A new way of looking at assessment

This was posted on LeaderTalk: “The teacher must come away with a lesson learned also. If a student can think she can get away with a copy and paste product from a web site or an online encyclopedia, then the assignment has not been particularly engaging or thought provoking. The teacher should come away with the understanding that assignments need to engage, to challenge, and to promote an inner dialogue with material student are studying. If the student can just copy and paste to fill out a traditional ten pages, then it is time to re-examine the assignments being imposed.”

I’ve had this type of conversation many times with others.  If teachers are worried about students “copying” assignments, maybe teachers should really be worried that they are giving assignments that are easily copied.  I’ve been there.  As a teacher I devised ways to keep students from cheating on the excellent assignments I got out of the supplemental materials (sarcasm intended).  I made them put their notebooks up around their assignments, I made 4 different versions of the same things and labeled them A, B, etc.  I took points off for items that were obviously copied.  All of these ideas were from other teachers.  Finally I got to a point in my teaching when I realized that the problem was with my assignments, not the students.  It took a little more thinking to come up with assignments that would have to be individual.  It took a little more time to grade (and I couldn’t give my student aid an answer sheet and have him/her do it).  But I discovered that I actually enjoyed reading what came out of the kids’ heads.  I discovered it wasn’t the amount of grades I had, but the quality of the assignments that mattered.  (Note: I once taught with someone who would have 90 grades a six weeks.  That wasn’t a typo- NINETY.)  Now I’m looking toward being a teacher of teachers and wondering how to convey this information to others.  Do I tell them it’s easier?  Do I tell them they won’t have to worry about cheating?  Do I tell them the students will be more engaged?  Do I tell them to just do it, or they’ll be fired?  (I know I can’t do the last one…though it would be nice…)  

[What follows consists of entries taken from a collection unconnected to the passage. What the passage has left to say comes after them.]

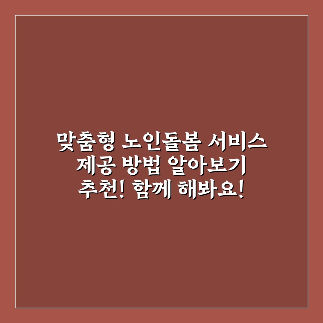 1. 맞춤형 노인돌봄 서비스 제공 방법 알아보기 – 이렇게 시작해봤어요
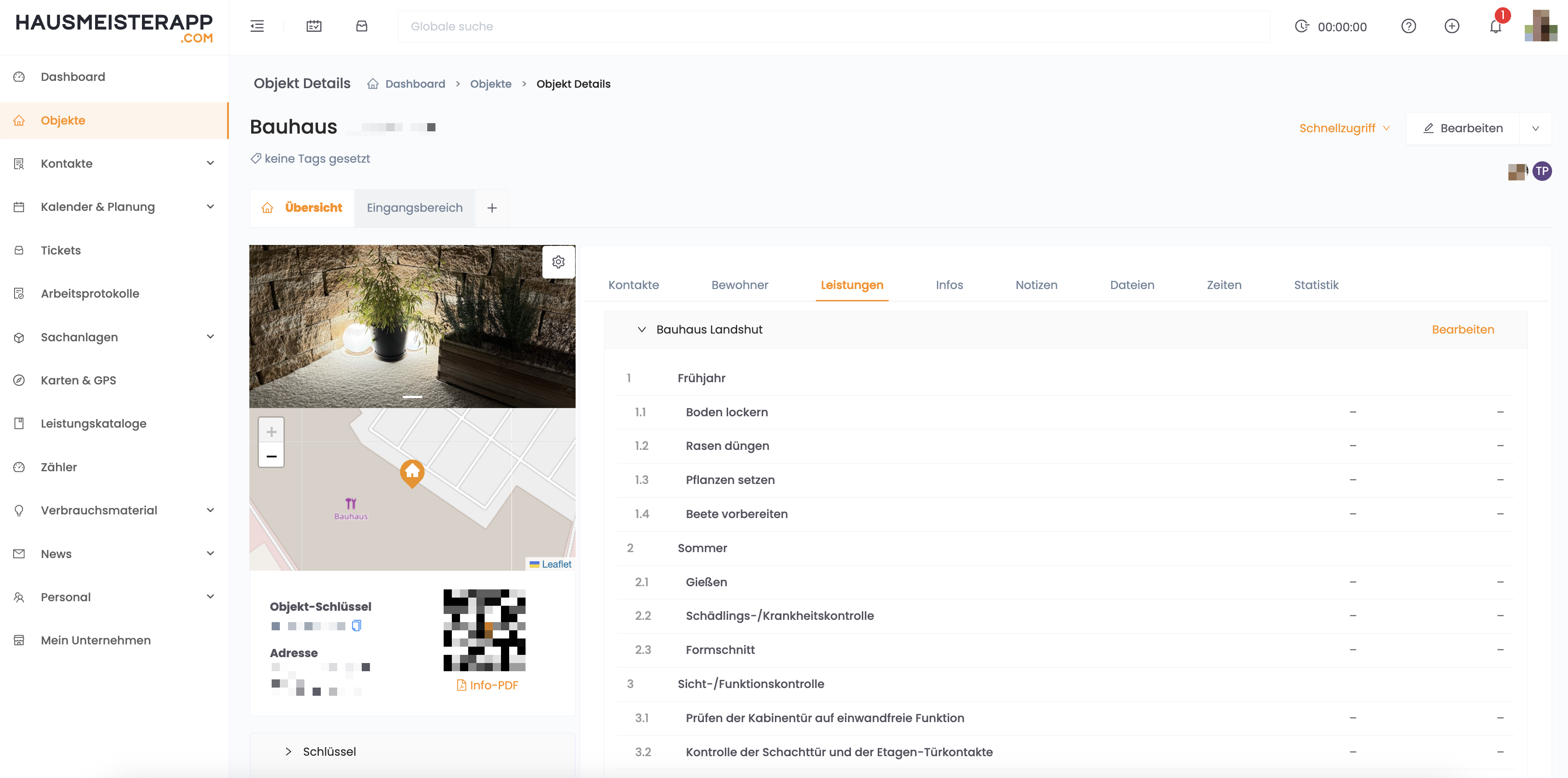 Jedes Objekt hat seinen eigenen Leistungskatalog
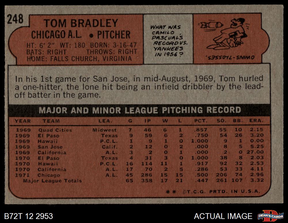 1972 Topps #248 Tom Bradley 3 - VG

Why is it that the best things you learn about teaching come after you’ve left the classroom?

WOW

I attended a Working on the Work conference.  It’s about engaged learning.  I got really fired up.  I think we can all agree that lessons should be engaging, yada, yada, yada.  But WOW gives you a framework to evaluate lessons and emphasized that you have to change your belief system before you can have engaged learning.  You have to get rid of the belief that students who do the work and earn grade greats are being compliant, not necessarily learning anything, at least not anything they’ll retain.  Worksheets don’t work.  Lecturing doesn’t work.  Multiple choice doesn’t work.  Yes, I know all about standardized testing.  But, hello?  what are we doing to our kids?  I remember one lesson from high school because it was personally relevant and changed my way of thinking.  How many lessons do you remember?  Now I’m starting to get ticked off at the worksheets my son is bringing home for homework.  Math every night.  I asked him if it was work he didn’t finish at school, but he said, no, it was just homework.  Pointless!  I really hope this philosophy will spread quickly through the district so my son will have engaging teachers, not ones who will make  him memorize facts to regurgitate on a test later.  Or ones who will have him read a chapter and do the questions and vocabulary at the end.  Don’t get me wrong, he’ll do well because he’s a good student.  But what will he get out of it in the end?  Certainly not how to be a creative thinker.  Certainly not how to adapt in an ever-changing world.  Maybe he’ll learn how to correctly bubble.  I have to go cool off now.

Math observations

I accompanied a high school AP on some walkthroughs of math classes.  What I noticed most was the use of overheads or the front board.  In every class students were at their desks working on worksheets or lined paper while the teacher was in front teaching.  When discussing with the AP later, he said that is a typical math classroom.  Madeline Hunter 101.   While most of all the students were on task, I wouldn’t say they were engaged.   Even though I used to teach English, I can imagine how challenging it would be to teach math without overhead, board, book, worksheet, etc.   Fortunately our district has an incredible online curriculum warehouse.  Why are these teachers and others doing what teachers did 50 years ago?  (See previous post on out of date education and read the article.)  After observing these classrooms, I was worried that, when I was teaching, administration might have seen the same things in my classroom.  I racked my brain trying to think what I had done in the past.  Used an overhead?  Yes, to give notes, but I only did that once a six weeks.  Used the board?  Rarely, other than to post info, journal prompts, or objectives.  Students did worksheets?  Not unless I had a substitute.  Me talking at front and students sitting and getting?  Maybe to intro the lesson, but definitely not the whole period.  Now, I do not in any stretch of the imagination think I was the most awesomest teacher ever.  I know I had a lot of improvement to do.  But because I used many group activities and engaging lessons, I thought about my fellow English teachers and how they did much of the same things.  That got me to thinking on whether there was a correlation between high English and social studies scores and the kinds of activities in those classrooms versus low math scores and the activities in those classrooms.  It would be interesting to find a math teacher with innovative, highly engaging lessons centered on group learning and see how his/her standardized test scores compare to his/her counterparts.  Just a thought.